RUANGPOLITIK.COM — Kontroversi perbedaan penetapan hari raya selalu terjadi setiap tahun. Namun untuk lebaran kali ini, seorang akademisi menyampaikan fenomena alam Gerhana Matahari Hibrida dengan lebaran sesuai dengan Ilmu Falak lulusan Magister Ilmu Falak Universitas Walisongo.
Dalam tulisan Najmuddin Syaifullah yang tercantum di situs Muhammdiyah, ia menyoroti hubungan antara gerhana matahari yang terjadi hari ini dengan metode hisab wujudul hilal.
Ia menjelaskan gerhana matahari terjadi ketika matahari, bulan, dan bumi berada dalam satu garis lurus. Posisi ini terjadi ketika bulan baru, yaitu saat matahari dan bulan mengalami konjungsi (ijtimak).
Sedangkan gerhana bulan terjadi ketika matahari, bumi, dan bulan berada dalam satu garis lurus. Posisi ini terjadi saat bulan purnama.
Berdasarkan konsep tersebut, kata dia, maka bisa dipastikan gerhana matahari terjadi ketika bulan baru, akan tetapi setiap bulan baru belum tentu terjadi gerhana.
Begitu juga dengan gerhana bulan yang pasti terjadi ketika bulan purnama, tetapi setiap bulan purnama belum tentu terjadi gerhana.

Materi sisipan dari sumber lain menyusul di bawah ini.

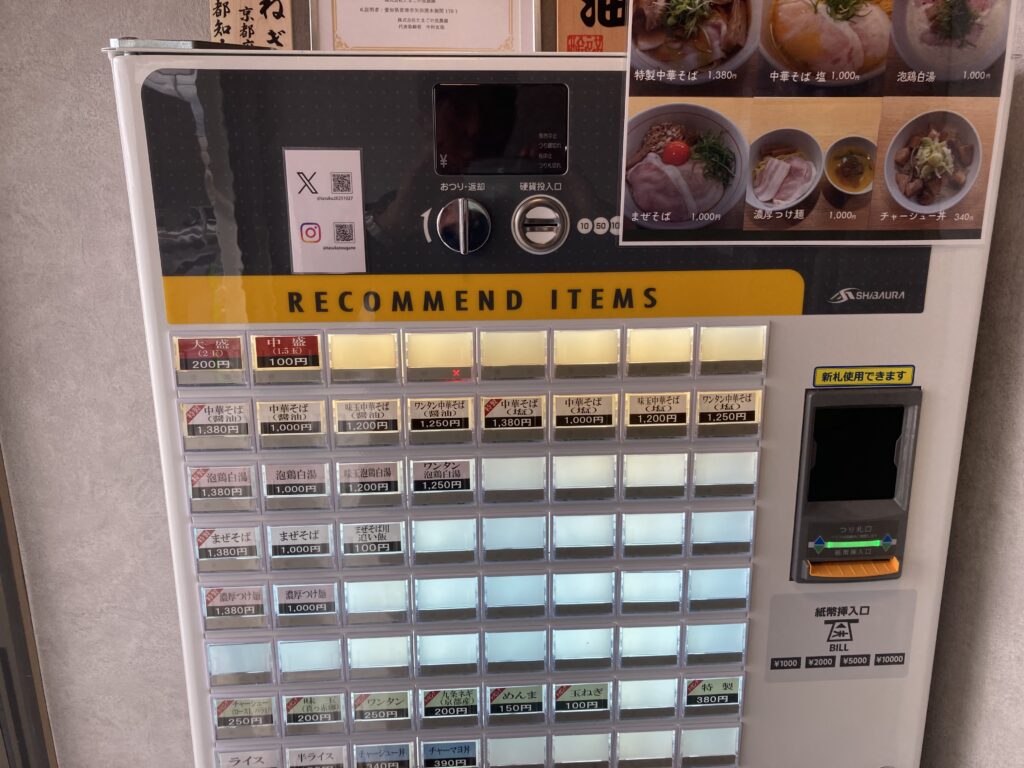 店内入口を入ってすぐ左手に写真のような券売機が設置されていて、まずは食券を購入するスタイル。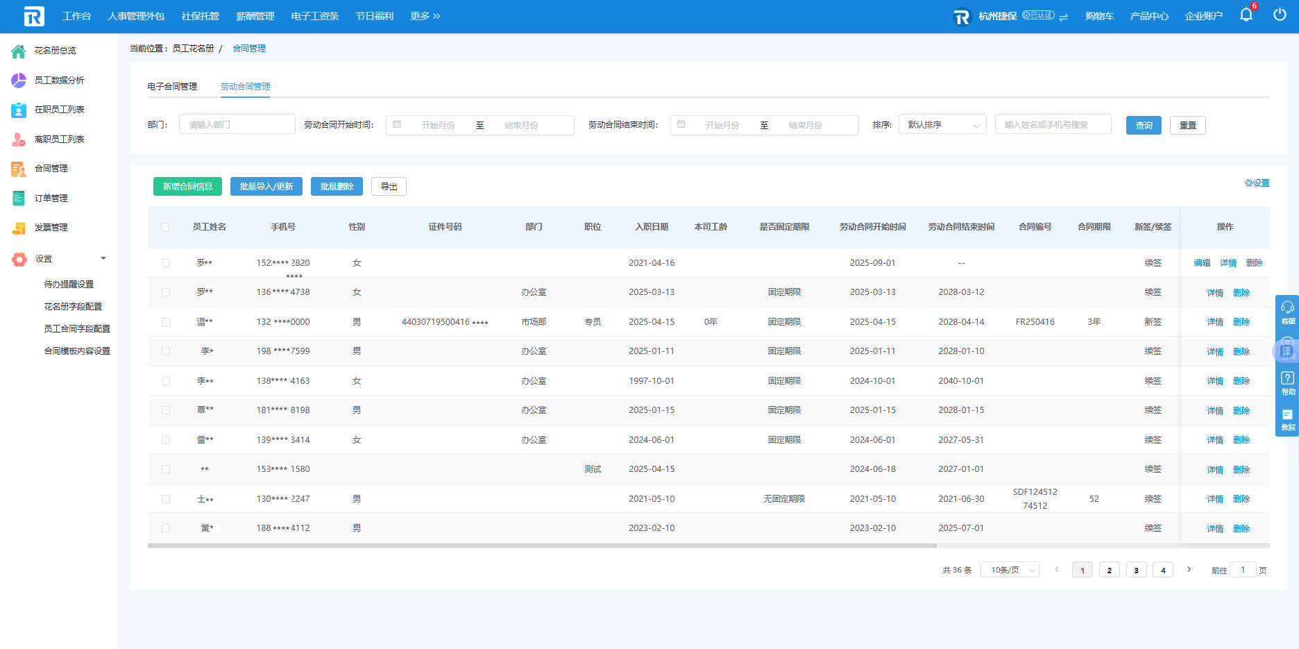 劳动合同管理页面支持企业对所有员工的劳动合同查询、编辑、办理、添加、删除等基本操作。与员工在职信息列表同理,在导入的劳动合同台帐中,模板不要修改表头,同时需要按照模板中的格式要求填写,否则可能造成上传失败。查询员工劳动合同台帐时,姓名与电话号码支持模糊搜索。

“Apabila hari ini terjadi gerhana matahari, maka besok sudah masuk bulan baru hijriah. Akan tetapi kembali lagi kepada waktu terjadinya gerhana, jika gerhana terjadi di waktu antara pagi sampai siang, maka besok kemungkinan besar sudah bulan baru karena tinggi hilal sudah berada di atas ufuk,” tulis dia.
“Akan tetapi apabila gerhana matahari terjadi ketika sore, maka hilal kemungkinan masih di bawah ufuk dan besok belum masuk bulan baru,” imbuh dia.
Ia mengatakan gerhana matahari tahun ini terjadi di bulan Ramadan, sehingga menyita perhatian banyak orang sebab berkaitan dengan penentuan Idulfitri.
Najmuddin menjelaskan tinggi hilal pada 29 Ramadhan 1444 H atau 20 April 2023 (hari terjadinya gerhana matahari) di Banda Aceh adalah 2°21,39′.
Tinggal hilal itu sudah cukup masuk kriteria hisab hakiki wujudul hilal, sehingga Jumat (21/4) sudah masuk bulan Syawwal.
Akan tetapi tinggi hilal tersebut belum memenuhi kriteria MABIMS (kumpulan Menteri Agama Brunei Darussalam, Indonesia, Malaysia, dan Singapura guna mengusahakan unifikasi kalender Hijriah) yang mensyaratkan tinggi hilal 3° dan elongasi 6,4°.
“Oleh karena belum memenuhi kriteria MABIMS, maka besok belum masuk bulan baru dan Syawal akan dimulai lusa (tanggal 22 April 2023). Perbedaan metode penentuan awal bulan di atas akan mengakibatkan Idulfitri nanti tidak dilaksanakan secara serentak,” tulisnya.